Les Sages ont donc réglementé à nouveau l’exercice d’une activité, en considérant qu’une activité donnée (le transport routier de personne effectuée à titre onéreux) suppose la constitution d’une profession, sous peine de voir des peines de prison prononcées.  

Ce faisant, le Conseil a interdit de pratiquer une profession sous des formes inconnues des textes. 

Une jurisprudence qui fige les métiers

Cette décision remet donc au goût du jour la distinction propre à l’économie ancienne entre le hobby et la profession.
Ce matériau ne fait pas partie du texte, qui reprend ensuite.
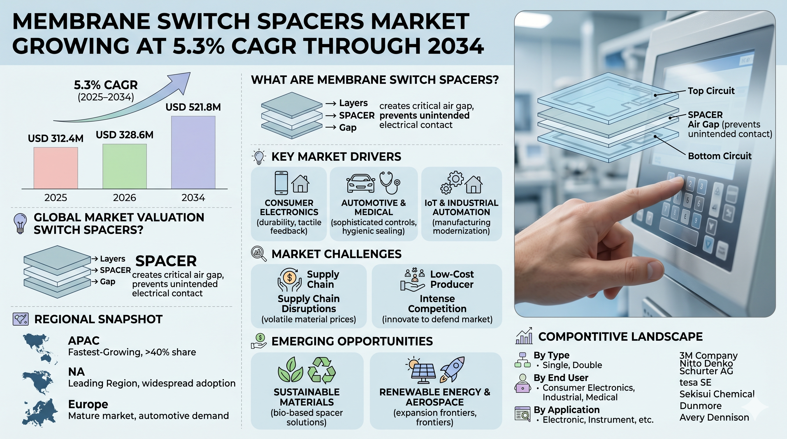 Membrane Switch Spacers Market Growing at 5.3% CAGR Through 2034
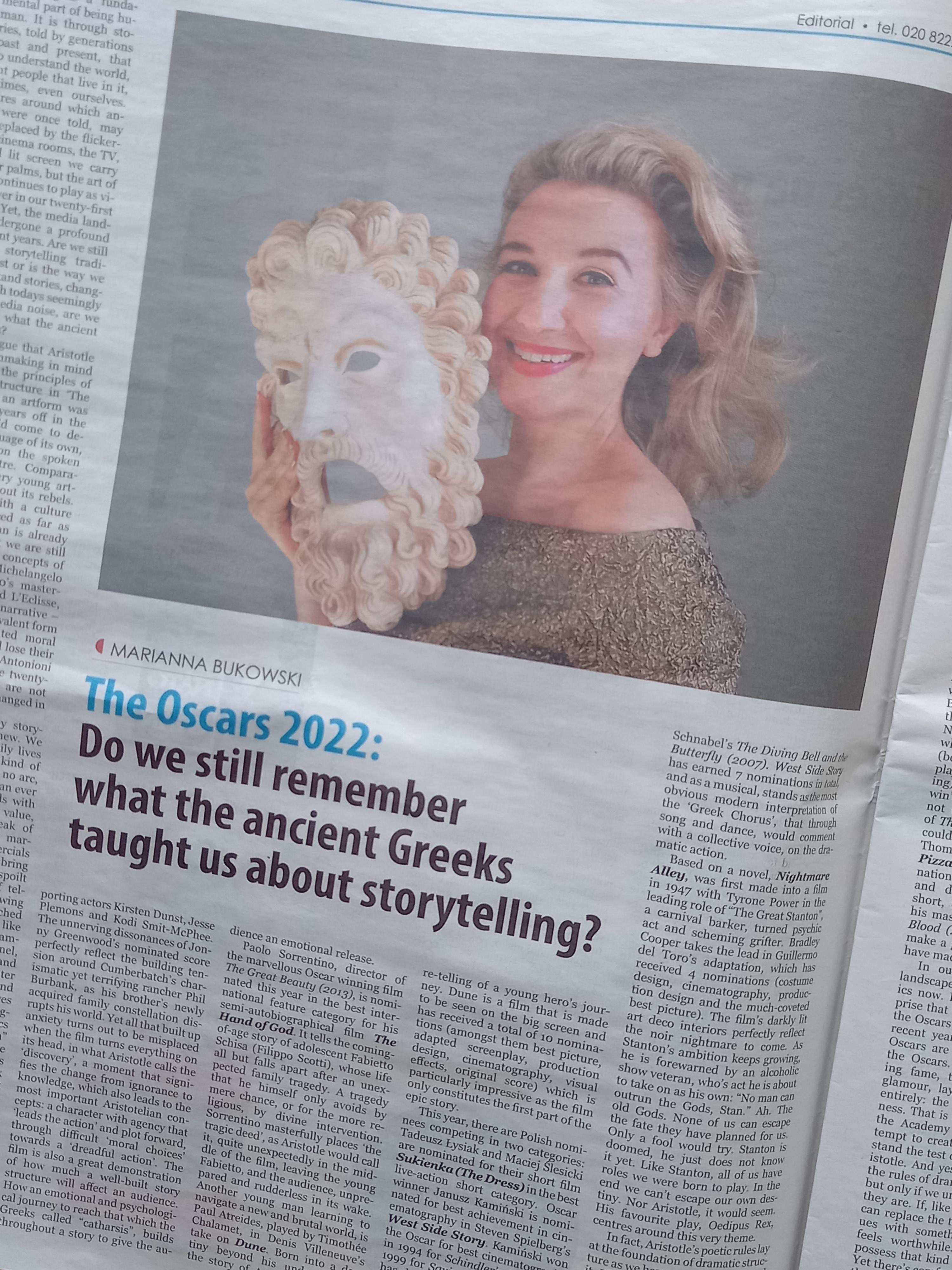 Oscars 2022: Do We Still Remember What the Ancient Greeks Taught Us About Storytelling? Article by Marianna Bukowski for Tydzien Polski / Polish Weekly (1700 words, in English) Published in print issue, March 2022.
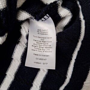 Talbots Navy and White Striped Cotton Zip Up Cardigan

Soit on pratique un hobby (le transport de personne) et on ne peut gagner d’argent en le pratiquant, soit on veut gagner de l’argent et on doit accepter une professionnalisation.  

Mais, pratiquer un hobby sans professionnaliser, le Conseil Constitutionnel non seulement ne peut l’entendre, mais il valide le prononcé de peines de prison contre ceux qui auraient encore un doute. Une fois pour toutes, les métiers sont figés en France, et il faudra prendre garde à ne pas finir en prison si on veut les faire évoluer. 

A titre d’éclairage, il serait intéressant de savoir combien de membres du Conseil Constitutionnel connaissent le sens du mot « Smartphone ».